Mascoutensi's eastern area near the Great Lakes is a curious place not just because of its melding of Old World & New World cultures, but because it's the only place other than small pockets of Nya Swerige where a non Indo-European language from Europe proliferated—Finnish. While the cities might be a plurality or even a slim majority Francophone, the inland regions are not. Mascoutensi is a Native province, so Algonquian and Siouan languages predominate, but the language of commerce and trade has been for well over two hundred years. The iron and copper mines brought immigrants from around the world to toil in them, making Native American landowners rich. The largest singular ethnic group to move Mascoutensi to enter the mining industry was the Finns. Plenty of Kerno-speakers from Kemr and Gaeilg-speakers from Cambrian-occupied Ireland, Germans, and smaller amounts of Italians, English, and even some Lebanese found work in this sector as well. English won out amongst the immigrant groups who came to the province over French because their jobs in the mining industry were tied to English-speaking industrial areas like Chicago. Only the Kerno speakers of Dûnein/Dumnonia, as fellow Romance-speakers, and the Lebanese, who've had interactions with the French on and off since the First Crusade, opted to learn French over English.

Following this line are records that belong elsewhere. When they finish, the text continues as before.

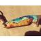 Coutellerie du rat noir, modèle Caracal avec un double faux tranchant, en acier inoxydable N690 co, lame tirée en long satinée, manche hybride en loupe d'amboine et résine colorée (bleu brillant /blanc) avec sa perle assortie aussi en loupe d'amboine, résine et G10 blanc. Les intercallaires entre la lame et le manche sont en G10 noir.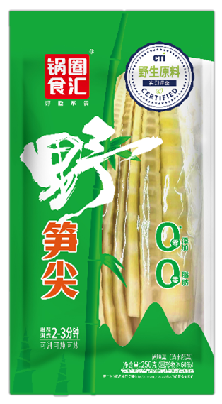 另一款非常典型的产品是锅圈的高山野生笋。这款产品的原产地是四川凉山以及云南等偏远山区,当地自然条件优越,远离污染,是优质野生笋的天然产区。过去这款产品仅在包装上呈现了“高山箭竹”、“火锅笋片”等笼统的产品名,无法充分呈现产品的品质。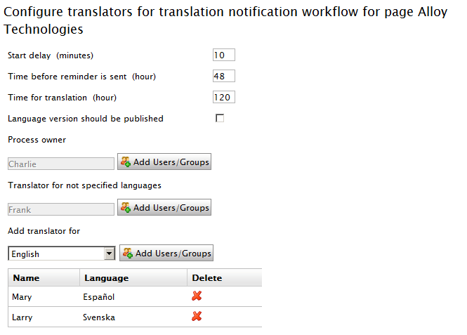 The "Ready for Translation" workflow reminds workflow participants to perform translations after a configurable interval and sends a final alert after a configurable interval to inform persons/groups if a page was not fully translated. This workflow can be configured to automatically start when the default language variation is changed and to assign translation activities to a unique translator for each variation.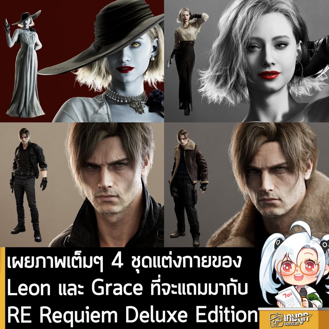 Capcom เปิดเผยภาพเต็มๆ ของ 4 ชุดแต่งกายเสริมของ Grace Ashcroft และ Leon S Kennedy จาก Resident Evil Requiem ภาคล่าสุดของเกมสยองขวัญเอาตัวรอดซีรีส์ผีชีวะ ที่จะแถมเข้ามาในตัวเกมแบบ Deluxe Edition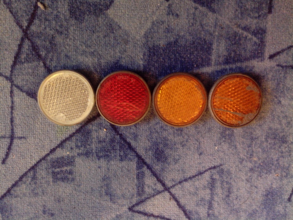 Достаточно бережно эксплуатировался и по сей день в полностью рабочем состоянии. Не хватало одной катафоты — белой, но с счастью она лежит уже несколько лет у меня на полке абсолютно новая, так что комплект ОСВАРовских советских светоотражателей составлен)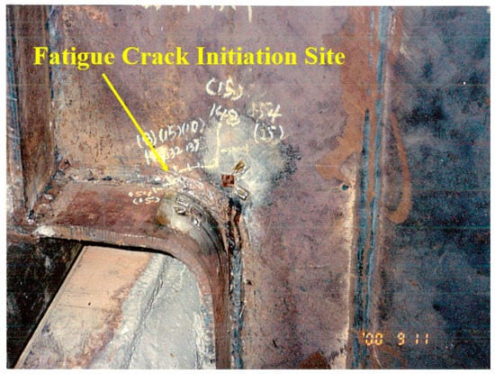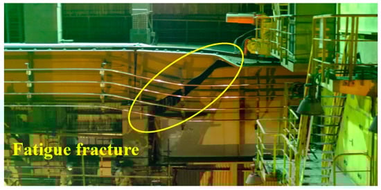 To reduce steel consumption, a large number of crane girders have variable-section supports. However, engineering applications have shown that the variable-section supports of steel crane girders are prone to fatigue fracture, especially when the girders are subjected to highly frequent crane loads. As service life increases, an increasing number of fatigue cracks form in the variable-section supports of steel crane girders. In China, such fatigue problems in variable-section supports are a major potential risk for safe operations. On 13 January 2014, a variable-section support of a steel crane girder in a metallurgical plant suddenly exhibited fatigue fracture, which caused the crane to drop the ladle, resulting in significant economic losses (Figure 1). The reasons this accident and similar phenomena occur are the lack of the appropriate S-N curves for the variable-section support and the fact that the frequency of use is much higher than the original design benchmark due to the large increase in production. The average service life of steel crane girders with variable-section supports is less than 20 years in metallurgical plants with heavy cranes. For long-term maintenance work in industrial buildings, Baosteel found that the establishment of a safety monitoring system that regularly checks whether cracks have formed in the variable-section supports could effectively avoid catastrophic accidents. Therefore, accurately predicting the fatigue crack initiation site and time to provide a scientific basis for a general monitoring system is an urgent engineering problem.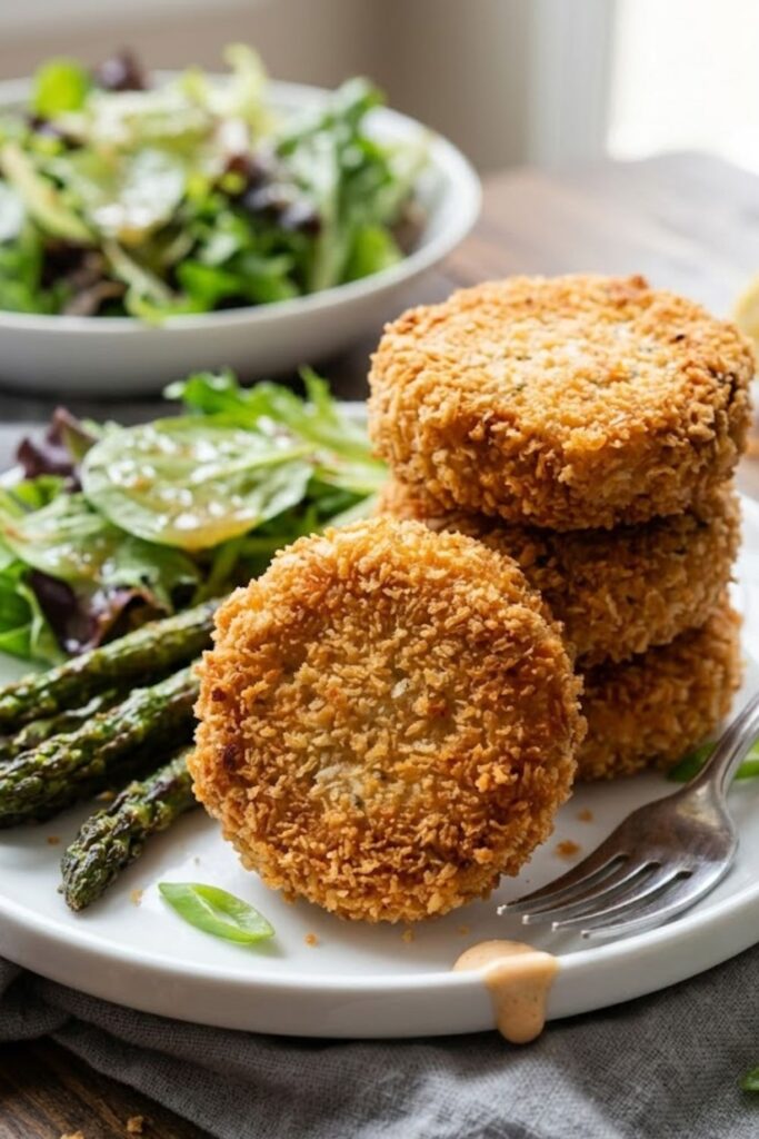 - Coat and Chill: Place the remaining 1/2 cup of panko in a shallow dish. Press each patty gently into the crumbs to coat both sides. Place the coated croquettes on a plate, cover loosely with plastic wrap, and refrigerate for at least 30 minutes.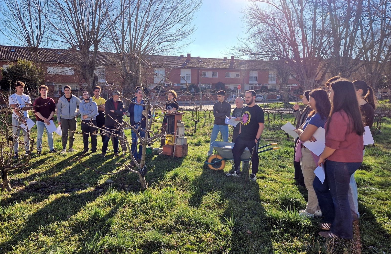 La jornada centrada en la poda de frutales fue impartida por Juan José Gandía, presidente de la Asociación de Productores de Caderechas, quien mostró a los estudiantes las principales técnicas de intervención en este tipo de cultivos y explicó la importancia de una poda adecuada para favorecer el desarrollo del árbol y mejorar su producción.
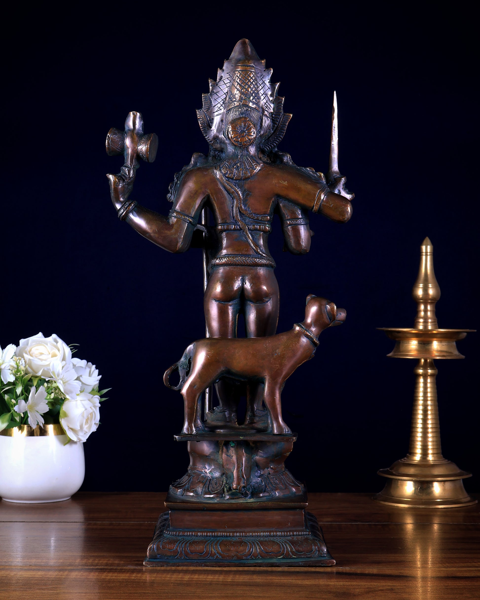 Brass Kaal Bhairava Statue with dog antique bronze finish 18 inch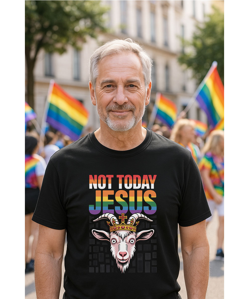 Wear your faith with a bold statement and a touch of humor with this Funny Not Today Jesus LGBT Pride Month Christian T-Shirt from Christian Faith Goods. Designed with a vibrant rainbow twist and a crowned goat graphic, this tee celebrates both your Christian beliefs and pride, making it a perfect conversation starter during Pride Month or any time you want to share hope and joy.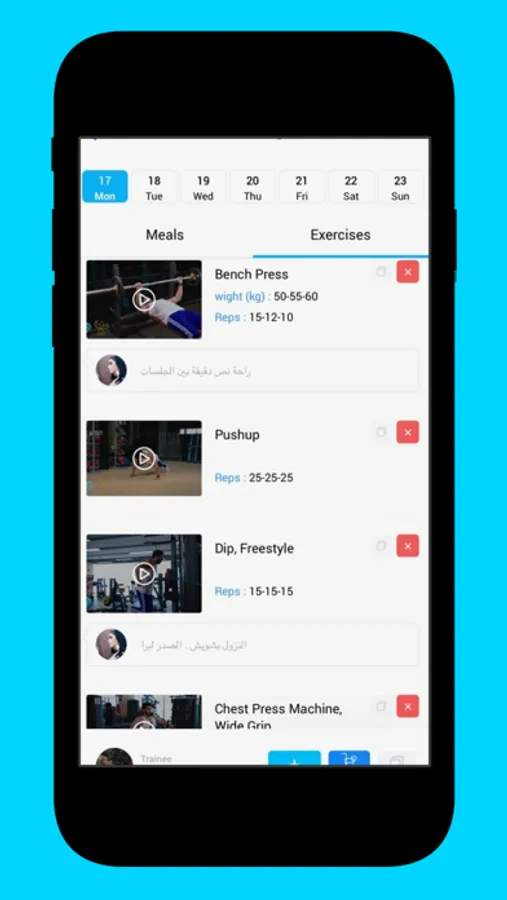 اشتغلنا وبنينا منصة موحدة تشمل التمارين والوجبات اللي بتصممها لمتدربك. اهتمينا ان المكتبة تكون شاملة لكل الاشياء اللي ممكن تحتاجها في خطتك مع متدربينك.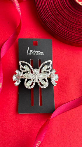 گیره پروانه سایز بزرگ رنگ نقره ای گیره جواهری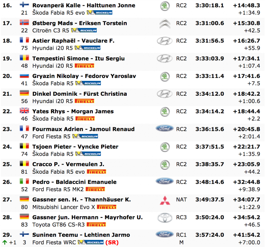 Tänak terminó 20,8 segundos por delante del irlandés Kris Meeke, y el finlandés Jari-Matti Latvala, 15,2 segundos más tarde, en tercer lugar.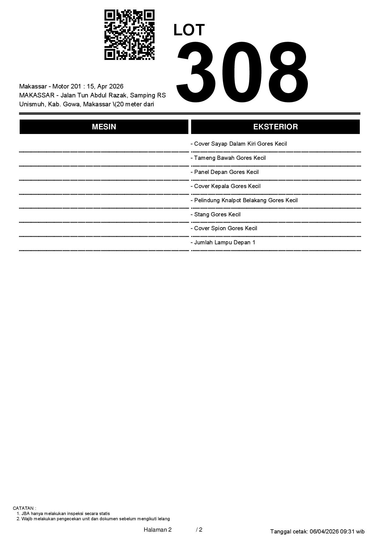 2. Peserta lelang wajib cek unit & dokumen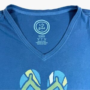 LIFE IS GOOD Womens V Neck Graphic Tee Large Classic Fit Coastal Casual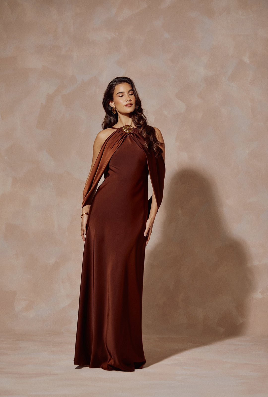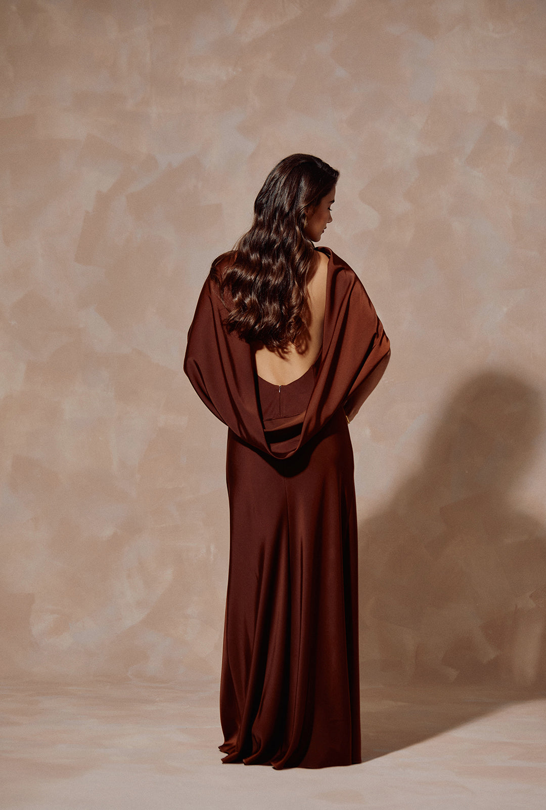 Crafted in fluid satin in a rich chocolate brown tone, this long dress is designed to move effortlessly with the body, creating an elegant and elongated silhouette. The soft, luminous fabric enhances its lightness, making it the perfect choice for warm-weather occasions.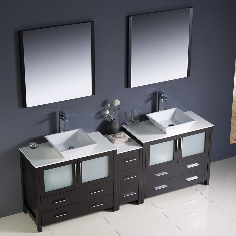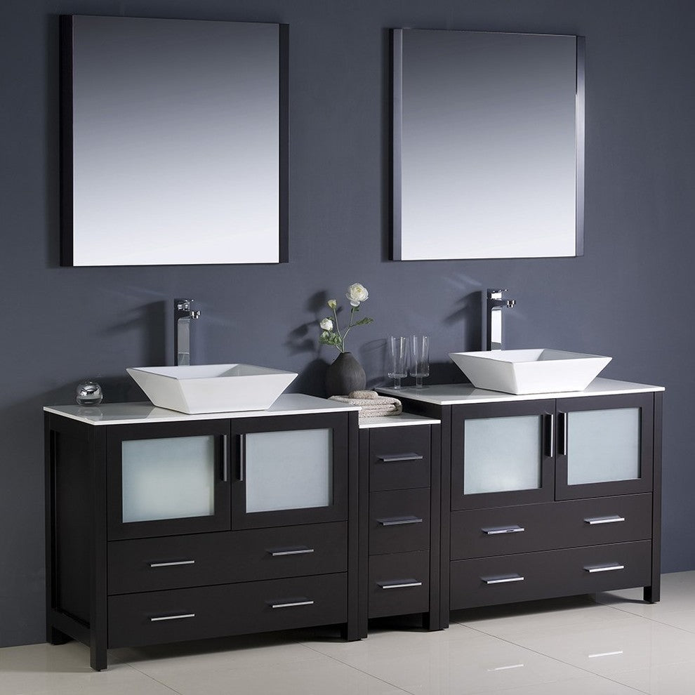 Details of the Fresca Torino 84" Espresso Modern Double Sink Bathroom Vanity with Side Cabinet & Vessel Sinks - FVN62-361236ES-VSLFresca is pleased to usher in a new age of customization with the introduction of its Torino line. The frosted glass panels of the doors balance out the sleek and modern lines of Torino, making it fit perfectly in either ''Town'' or ''Country'' decor. Available in the rich finishes of Espresso, Glossy White, Light Oak and Gray Oak, all of the vanities in the Torino line come with either a ceramic vessel bowl or the option of a sleek modern ceramic integrated sink.Features: Dimensions of Vanity: 83.5"W x 18.13"D x 35.63"HDimensions of Mirror (x2): 31.5"W x 31.5"H x 1.25"DMaterials: Engineered Wood, Ceramic Sinks, Glass/Stone Composite CountertopSoft Closing Doors/DrawersSingle Hole Vessel Faucet Mounts (Faucets Shown In Picture May No Longer Be Available So Please Check Compatible Faucet List)Included: Base Cabinets, Side Cabinet, Countertops, Sinks, Faucets, Mirrors, P-traps, Pop-Up Drains and Installation HardwareSink Color: WhiteSink Dimension: 15"x15"x4"Overflow: NoFinish Color: EspressoFFT1044CH Features: - Dimensions: 1.75"W x 6.13"D x 13.25"H - Spout Height: 9" - Spout Reach: 5.75" - Finish: Chrome - Ceramic Mixing Valve - 1/2" - 14 NPS Connection - All Mounting Hardware Included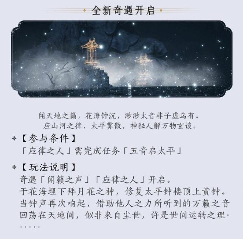 新增奇遇 “闻籁之声”“应律之人”,游侠完成任务 “五音启太平” 后可参与。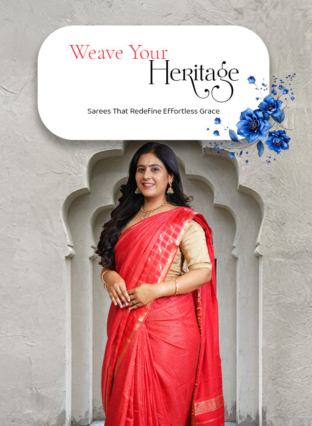 Russian Silk Saree with Digital Prints & Zari Weaved Butas This exquisite Russian Silk Saree features a graceful fusion of zari-woven butas and digital floral prints. Its luxurious texture and subtle sheen make it a perfect pick for temple visits, traditional functions, or elegant...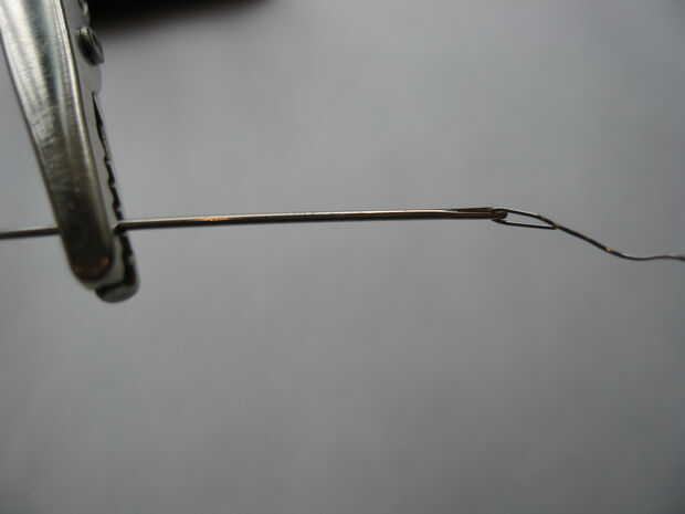 Enrosque el alambre de acero inoxidable sobre una aguja de coser ordinaria y cose un hilo principal hasta la parte superior en el lado izquierdo. El segundo cable maestro necesita ir sólo a medio camino para arriba y va más cerca a los LEDs que la primera. De esa manera no necesitamos nunca tenemos los cables de LED cruce el cable principal.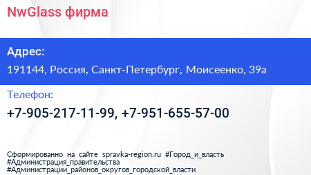 NwGlass, фирма по адресу 191144, Россия, Санкт-Петербург, Моисеенко, 39а в дальнейшем Организация, размещена в следующих категориях: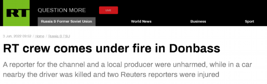 当地时间6月3日,俄罗斯方面传出消息,称在乌克兰东部前线报道俄乌冲突的两名英国路透社记者乘坐的车辆遭到炮弹袭击,导致这两名记者受伤,两人的司机当场死亡。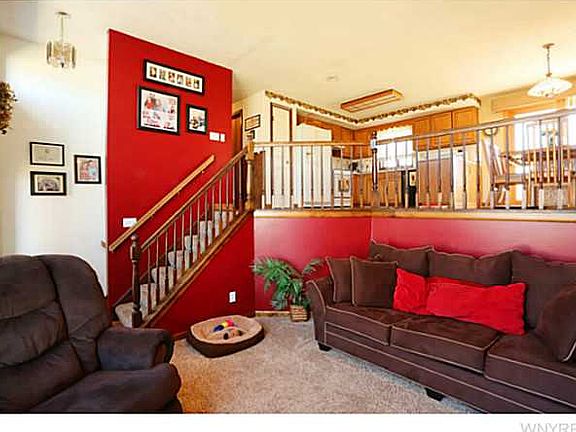 Break Bread Together. Make every meal family time when you dine in the sunny, kitchen with beautiful hardwood floors, glass sliders to oversize deck and overlooking a warm and inviting living room with cathedral ceiling and gas fireplace. Featuring 4 bedrooms, 2 full bathrooms, additional spacious family room, appliances included. This lovely home sits on just over a 1/2 acre lot. Beautiful country setting located in Starpoint school district. This one is easy to call HOME.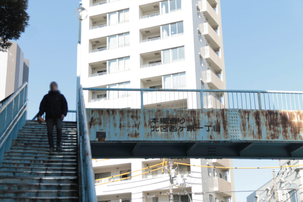 旧古河庭園の前にある「滝野川会館前歩道橋」。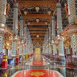 ðRecommended is the large chapel decorated with Lanna-style stucco and crystal glass.
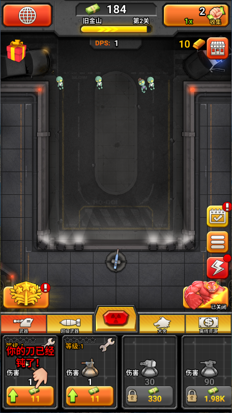 进入游戏,点击僵尸可以快速的砍杀僵尸。

The Finnish language has touched just about every language spoken in the province save for the Francien spoken by the Hautpaysois who resented economic competition from the waves of immigrants in the late 19th to mid 20th Centuries. The Finns above all European groups save for the French again were the most willing and even eager to integrate into the Algonquian-speaking populace. Intermarriage between the indigenous and newcomer Finns became a phenomenon almost immediately. The Finnish-speakers had no natural advantage to learning an Indo-European language like English or French, so they more often than not learned Ojibwa/Ojibwe first before English. English was reserved for those whose positions at their mining companies required them to interact with middlemen trying to get the iron and copper ore to refineries in Ouisconsin, Ontario, or Utawia. Up to a quarter of the population claims at least one Finnish ancestor in the eastern third of the province. Every aspect of the Ojibwa spoken in this part of Mascoutensi has been permanently altered by Finnish: syntax, loanwords, grammar, even the orthography of the language in the Latin alphabet. Assimilation cut both ways. In these ethnically-mixed families, sometimes the Native spouses learned Finnish and their children grew up speaking on that language (rare, but not undocumented). English too did not come out untouched. The speech of the rural people who bothered to learn English of area is nearly unintelligible to the rest of the NAL, although it stops short of being classified as a new language. The Gaeilg (more numerous) and Kerno (much less numerous) spoken here have taken in plenty of loanwords from Finnish, the German speakers either assimilated into the Finnish core as both groups by and large shared the Lutheran faith or switched to speaking English since Germans were one group that didn't go solely into mining. It's not impossible to find German speakers in the province, nor is it difficult in any NALian province, really.